§ Exercise brief
The data below should be printed in full, exactly, and without any of its images.

§ The data
------------------------------

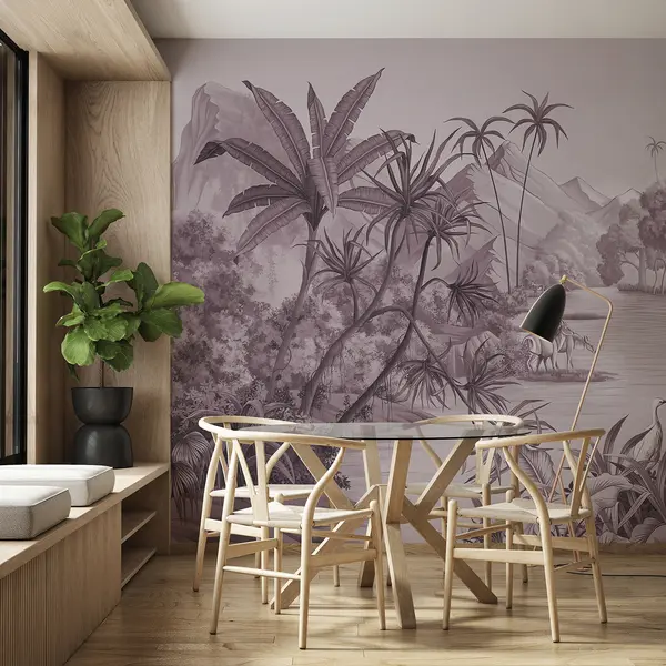 Тапете за зид Црно-бели тропи у љубичастим бојама бр. u59040v3
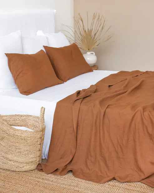 We always recommend washing linen materials separately in lukewarm water 40°C/104°F or even cold water in a gentle machine cycle with the mild detergent formulated for delicate or linen fabrics. Do not use bleaching or detergents with colour brighteners as they can discolour and weaken your linen sheets. Do not overload your machine, rinse your linen properly in order to remove any detergent or fabric softener residue.
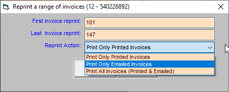 - Enter the numbers of the first and last invoices desired. The dropdown menu for Reprint Action also lets you choose whether to create printed copies of invoices that were previously emailed.
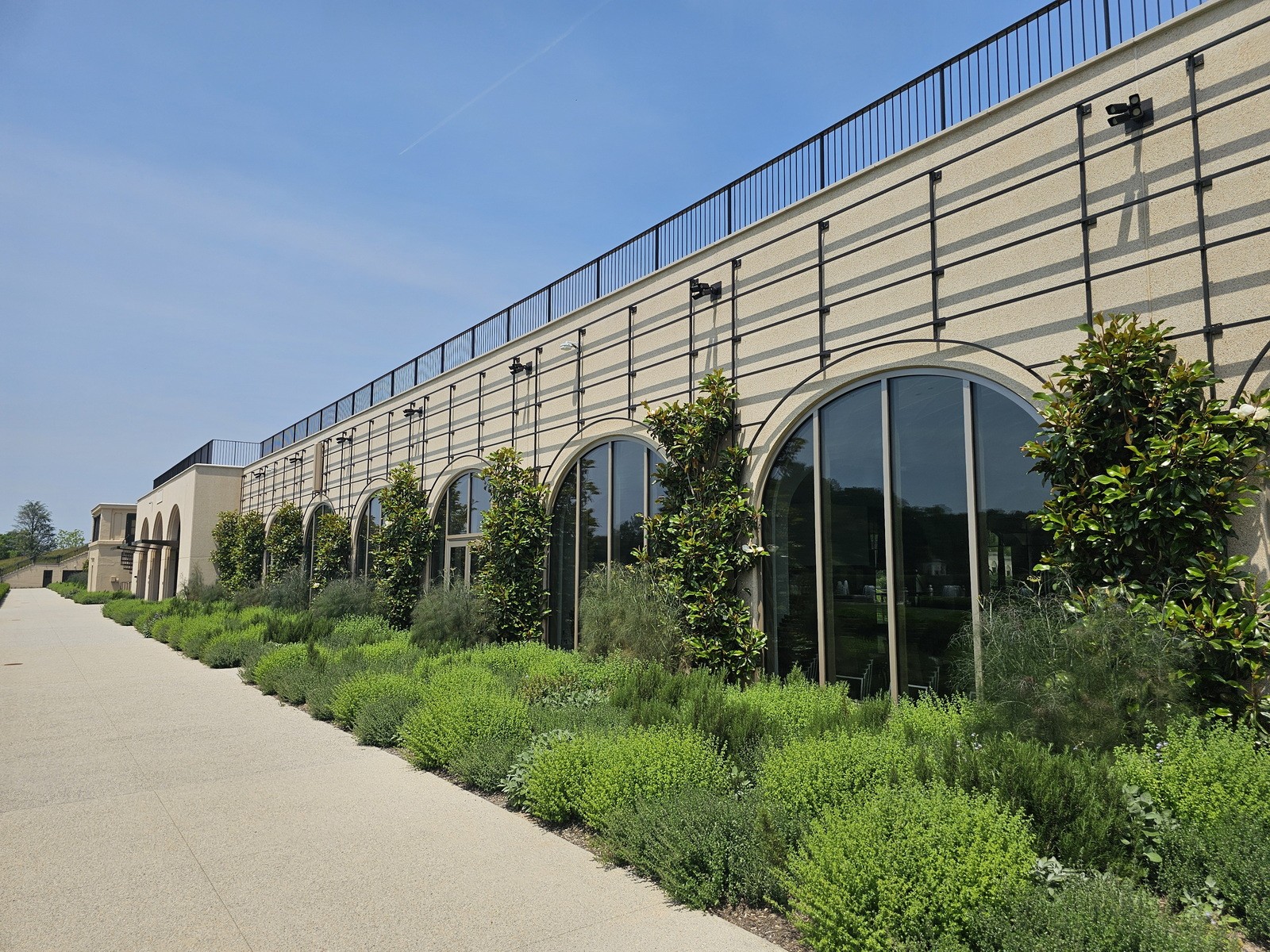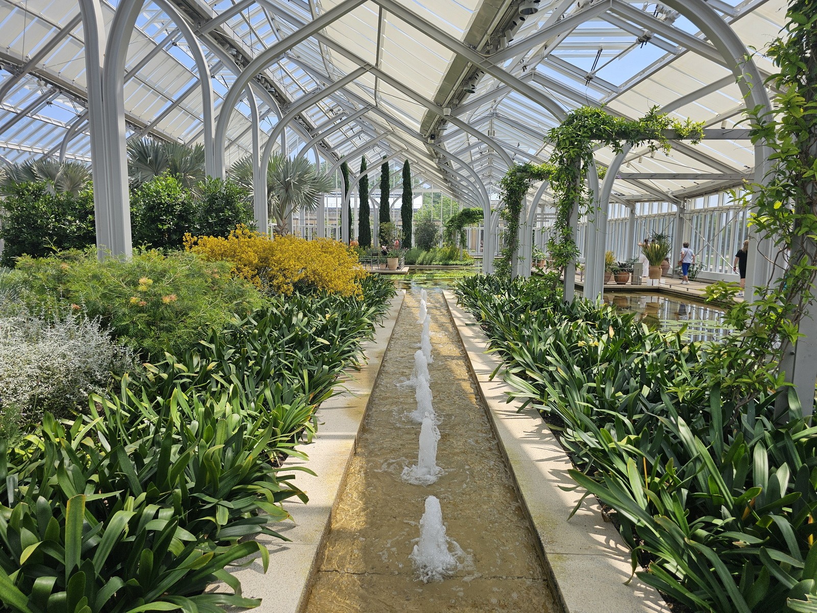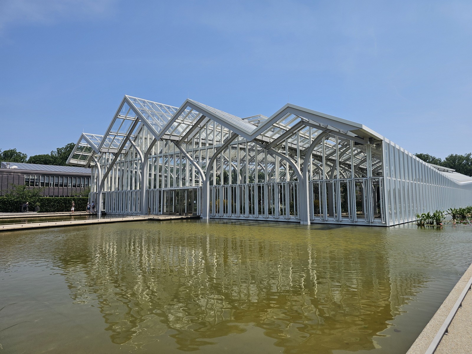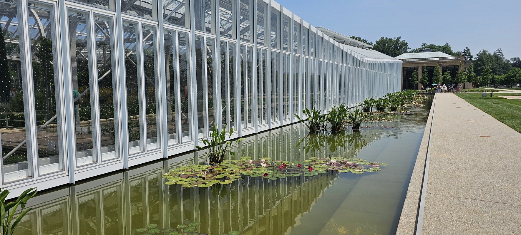 The West Conservatory is a new glass-enclosed building consisting of 32,000 square feet of underground basement and a 32,000 square foot elevated slab. The gardens, which are constructed above occupied space, appear to float on water, allowing the plants to thrive within a controlled environment. The water feature also includes movable planters.

------------------------------

§ Answer below
 Тапете за зид Црно-бели тропи у љубичастим бојама бр. u59040v3
 We always recommend washing linen materials separately in lukewarm water 40°C/104°F or even cold water in a gentle machine cycle with the mild detergent formulated for delicate or linen fabrics. Do not use bleaching or detergents with colour brighteners as they can discolour and weaken your linen sheets. Do not overload your machine, rinse your linen properly in order to remove any detergent or fabric softener residue.
 - Enter the numbers of the first and last invoices desired. The dropdown menu for Reprint Action also lets you choose whether to create printed copies of invoices that were previously emailed.
 The West Conservatory is a new glass-enclosed building consisting of 32,000 square feet of underground basement and a 32,000 square foot elevated slab. The gardens, which are constructed above occupied space, appear to float on water, allowing the plants to thrive within a controlled environment. The water feature also includes movable planters.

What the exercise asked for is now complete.